Ahmet Muhip DRANAS Şair (Sinop 1909 – 27 Haziran 1980, Ankara).
Ankara Erkek Lisesi’ni bitirdikten sonra Hâkimiyeti Milliye gazetesinde çalıştı (1930-1935). Bir süre Ankara Hukuk Fakültesinde okuduktan sonra İstanbul Üniversitesi Edebiyat Fakültesi Felsefe bölümüne devam etti; Güzel Sanatlar Akademisinde kitaplık müdürlüğü yaptı. CHP Genel Merkezi’nde Halkevleri Kültür ve Sanat Yayınları’nı yönetti (1938 -1942). Çocuk Esirgeme Kurumu yayın müdürü (1946) oldu. Bu kurumun genel başkanlığına getirildi (1957). Bugün İş Bankası Yönetim Kurulu üyesidir. 1930’lardan başlayarak Görüş, Varlık, Çığır, Ağaç, Gündüz, Yücel gibi sanat dergilerinde çıkan ilk şiirleri hece geleneğinin alışılmış kalıpları içinde, alışılmamış bir anlatım ve imge tazeliği taşıyordu. 1940’tan sonra Ülkü, Varlık, Sanat ve Edebiyat Gazetesi, Şadırvan v.d.de bütün süslerden arınmış, yalın fakat anlam yüklü, enginlik özlemiyle dolup taşan şiirler yayımlamayı sürdürdü. Fakat bugüne kadar şiirlerini kitap haline getirmedi. Tiyatro türünde de eser verdi: Gölgeler (1946), O böyle istemezdi (1948). Psikolojik bir çözümleme eseri olan Bölgeler ile CHP piyes yarışmasında ikincilik kazandı. Bir süre Devlet Tiyatrosu edebi kurul başkanlığı görevini de yürüttü. Dıranas 21 Haziran 1980’de Ankara’da öldü.
Edebi Kişiliği
Dranas’ın şiiri, kendinden öncekilere her ne kadar kalıp bakımından benzerse de, dil ve imge açısından bambaşkadır. Yerli, yabancı çağdaş şiir ustalarının çıraklığını yapmış, çağının, gününün sorunlarına yabancı kalmışsa da, türk şiirine (eski kalıplar içinde) yepyeni bir anlatım, büyüleyici bir imge zenginliği, ulaşılması güç bir ses ve ahenk tazeliği getirmiştir. 1940’tan bu yana yenileşen, biçim ve özce kabuk değiştiren şiir dünyamızda, kitabı olmamasına rağmen, adım unutturmamasını, işlediği konular dışında süsten a-nnmış, «derviş sadeliği» içindeki soylu dili, şaşırtıcı imgeleri yanında büyük bir şiir duygusu, şiir sezgisi ve şiir kurma gücüne borçludur.
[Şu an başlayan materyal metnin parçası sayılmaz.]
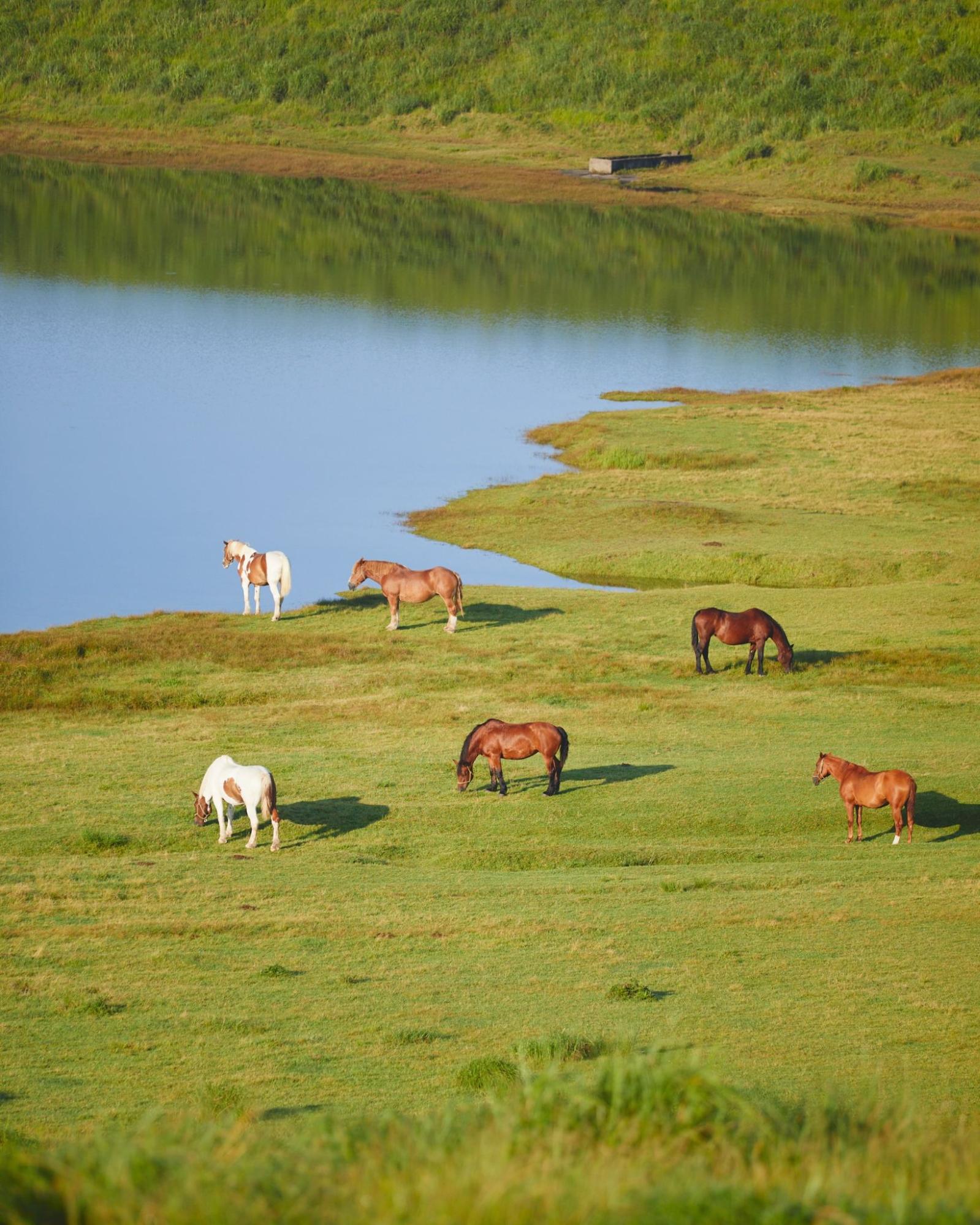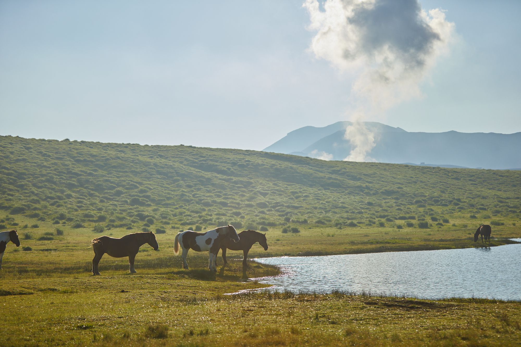 到着した草千里では朝ご飯タイムの馬たちに出会えた。

Şiirlerinde, gönül kapılarına «bir mevsim gibi varıp, bir mevsim gibi» geçer; «içindeki» karanlıklara, mağaralara, inlere güneş ışıklan salmak ister hep. Bu karanlıklardan ışığa çıkmak özlemindedir. Fakat daha çok, gerilerde kalmış güzel günlerin anısında ve geçip giden bir ömrün geri dönülmezliğinde durmadan bunalan ruhuna bir ışık, sıcak bir destek aramaktadır. Bu destek, kimi zaman «güzel»e, «yeni»ye doğru koşan bir sonsuzluk, bir genişlik duygusudur; kimi zaman da, «yemişlerin dallarda sallandığı, gecelerin bir deniz gibi aktığı» günlerin tatlı anısı. Ağrı dağı adlı şiirinde, o içini saran «büyüklük» duygusunu bir an için somutlaştıran dağa bakarken, her şeyin sisler, bilinmezlikler içinde olduğunu görür. Onun gözünde bir saraydır bu dağ; her şey bu sarayın ardından görünür o insana: sevmek, yaşamak ve ölüm.
İşte, bu üç kelime Dranas’ın hayata bakışını özetler ve şiirlerinin başlıca temalarını oluşturur.
Ahmet Muhip Dranas, bu üç temayı, «bir büyük şarkı» bütünlüğü içinde, «kimsenin farkına varamadığı güzellikler» tadıyle, «şairanelikten» uzak bir anlatım sadeliği içinde dile getirir. Ondan edebiyatımıza kalacak olan, eşine az rastlanır bir şiir duygusuyle kurduğu dizeler bütünüdür.
Eserleri (başlıca)
* Yazılar. Adam Yayınları, Haziran 1994.
* Oyunlar Gölgeler, Çıkmaz, Finten. Adam Yayınları 1995, İstanbul
* Yazılar, Toplu Yazıları. YKY 2000, İstanbul
* Şiirler. YKY Kasım 2006.
* Şiirler.eser yayınları.sıcıs.haziran 1994
Şiir
* Şiirler (1974)
* Kırık Saz (1975 T. Fikret’ten).
* Fahriye Abla
Oyun
* Gölgeler (1947)
* O Böyle İstemezdi (1948 – Bu iki oyun Devlet Tiyatrosu ile İstanbul Şehir Tiyatrosu’nda oynanmıştır).
Çeviri Oyun
* Aptal (1940 – Dostoyevski’den uyarlayanlar F. Neziere / S.W. Bienstock).
İnceleme
* Fransa’da Müstakil Resim (1937 – İki Cilt C. Sıtkı ile birlikte).